Compute horizontal and vertical advection flux series for closure.
The horizontal terms are the **physical gradient-based advection** of Wang
et al. (2024), Eqs. 5a/5b (Moderow et al. 2021, Term IV) -- *not* a
difference of two sensible-heat fluxes::
HA_T = rho * Cp * u_bar * (dT/dx) * (zm - h) # W/m^2 (Eq. 5a)
HA_Q = rho * lambda * u_bar * (dq/dx) * (zm - h) # W/m^2 (Eq. 5b)
where ``rho`` is moist-air density (:func:`air_density`), ``Cp`` the
moist-air specific heat (:func:`specific_heat_moist_air`), ``lambda`` the
latent heat of vaporization (:func:`latent_heat_vaporization`) -- all
evaluated from the **main-tower** state ``(P, T, q)`` -- ``u_bar`` the mean
horizontal wind speed [m/s], and ``(zm - h)`` the depth [m] of the air layer
between the canopy/lower height ``h`` and the measurement height ``zm``.
Vertical mean-advection term (replaces the old residual fallback)
-----------------------------------------------------------------
When the caller supplies the **planar-fit** mean vertical velocity
``w_bar`` (or a ``detect_vertical`` mask), the vertical heat advection is
computed as the **measured** Lee (1998) / Wang et al. (2024) Eq. 6 term::
VAT = rho * Cp * w_bar * (T_zm - <T>) # W/m^2 (Eq. 6)
where ``T_zm`` is the air temperature at the measurement height (the main
tower ``'T'``) and ``<T> = (1/zm) integral T dz`` is the column-mean
temperature (``'T_col'`` or a ``'T_profile'``/``'z_profile'`` pair). This is
**not** a closure residual: ``w_bar`` **must** be the planar-fit /
tilt-corrected mean vertical velocity, never the raw sonic ``w`` (which is
tilt-biased). If vertical advection is requested but ``w_bar`` or the
column-mean temperature is missing, the function **raises** rather than
falling back to the energy-balance residual (``CLAUDE.md`` hard rule:
*never compute an advection term as the energy-balance residual*).

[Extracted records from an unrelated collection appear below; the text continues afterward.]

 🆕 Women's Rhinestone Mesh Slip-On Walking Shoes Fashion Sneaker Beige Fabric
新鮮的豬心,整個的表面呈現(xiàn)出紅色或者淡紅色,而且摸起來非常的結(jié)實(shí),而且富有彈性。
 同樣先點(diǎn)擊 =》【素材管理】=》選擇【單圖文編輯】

Optionally, when two-level kinematic heat fluxes ``'wT_zm'`` and ``'wT_h'``
[K m/s] are provided, the vertical heat-flux divergence (Wang Eq. 12) is
also returned::
VFD_T = -rho * Cp * (wT|zm - wT|h) # W/m^2 (Eq. 12)
Diagnostic residual (NOT an advective flux)

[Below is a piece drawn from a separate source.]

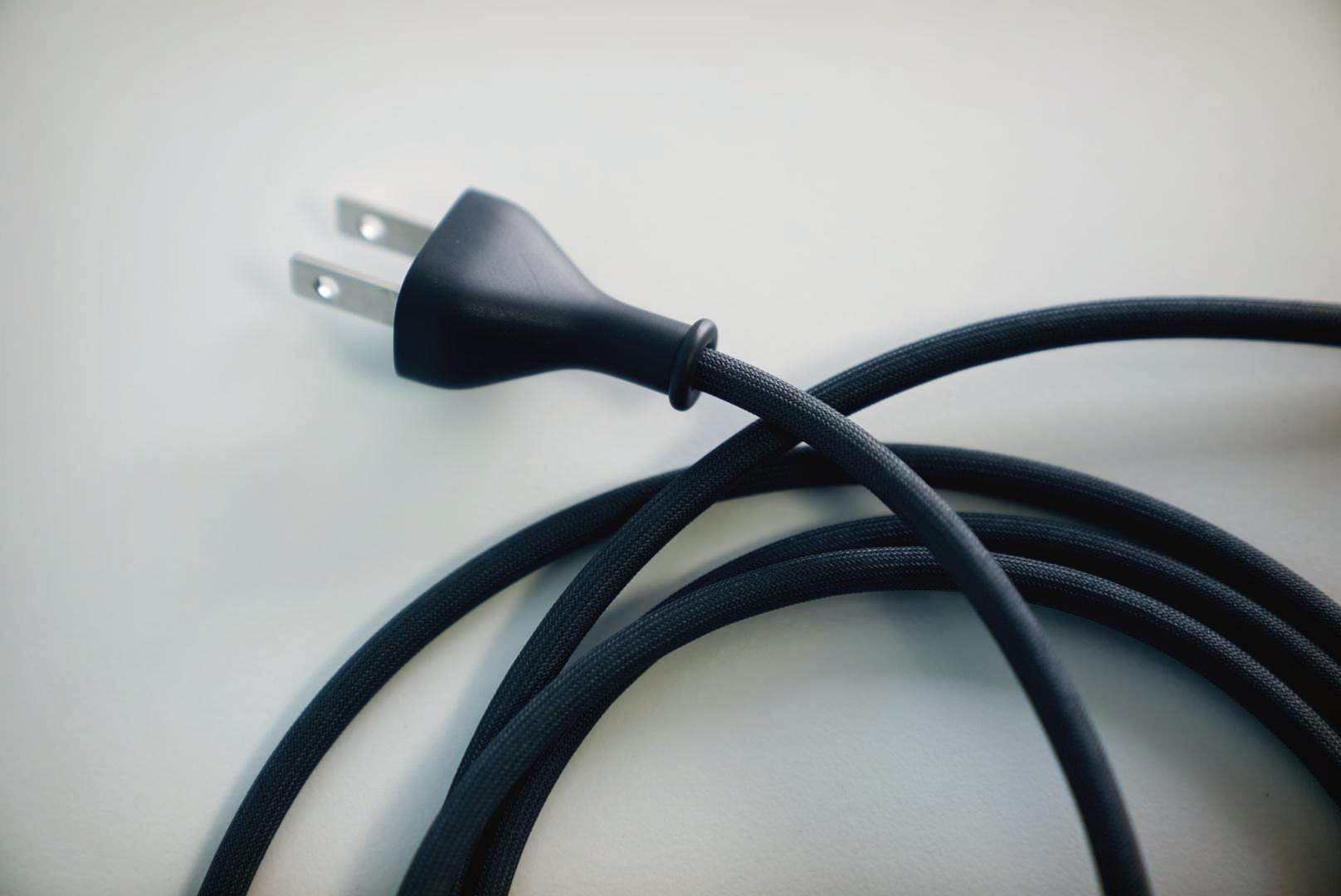 전원이 넣기 전까지는 할 말이 많지 않으므로 이 케이블에 대해서 좀 더 상세하게 살펴보자. 단순히 케이블이 일체형으로 디자인 되어있다는 것 이외에 특징적인 점이 하나 있는데 바로 꼬임방지 선이라는 것이다. 굵기가 이어폰 선 처럼 얇은 것이 아니라 꼬일일이 많지는 않을 것 같지만 이어폰에 주로 적용되는 꼬임방지 재질이 적용되어 있다. 오히려 기존의 하얀색 케이블의 경우 오래 사용하다보면 거의 회색이 되다싶이 하는 경우가 많은데, 다행히 홈팟의 경우 이런 것을 걱정하지 않아도 될 것 같은 느낌이다. 그리고 끝부분은 당연히 110V 케이블로 미국에서 구입해서 그런지 다른 규격의 콘센트는 제공되지 않았다. 이 케이블을 처음 봤을때 냉장고나 세탁기와 같은 가전이 생각났는데, 곰곰히 생각해보면 홈팟은 기존의 아이폰이나 아이패드, 맥북과 같은 디지털 기기이긴 하지만 이름에서도 알 수 있듯 가전에 더 가깝게 만들어 졌기 때문에 이러한 케이블 구성도 나름 이유가 되지 않을까 하는 생각도 들었다.

-------------------------------------------
The energy-balance closure imbalance ``residual = (H + LE) - (Rn - G)`` is
still computed and returned, but **only as a closure diagnostic** -- it is
*not* an advective flux and must never be added to the budget as one.
Sign derivation (read carefully)
--------------------------------
Let the streamwise coordinate ``x`` increase **downwind**, i.e. point from
the upwind tower toward the main tower. The along-wind temperature gradient
is approximated by the two-tower finite difference::
dT/dx ~= (T_main - T_upwind) / tower_distance # K/m
In the **oasis case** warm dry air sits upwind of a cool transpiring field,
so ``T_upwind > T_main`` and therefore ``dT/dx < 0``. With ``u_bar > 0`` and
``(zm - h) > 0`` this makes ``HA_T < 0``. Under the Moderow et al. (2021)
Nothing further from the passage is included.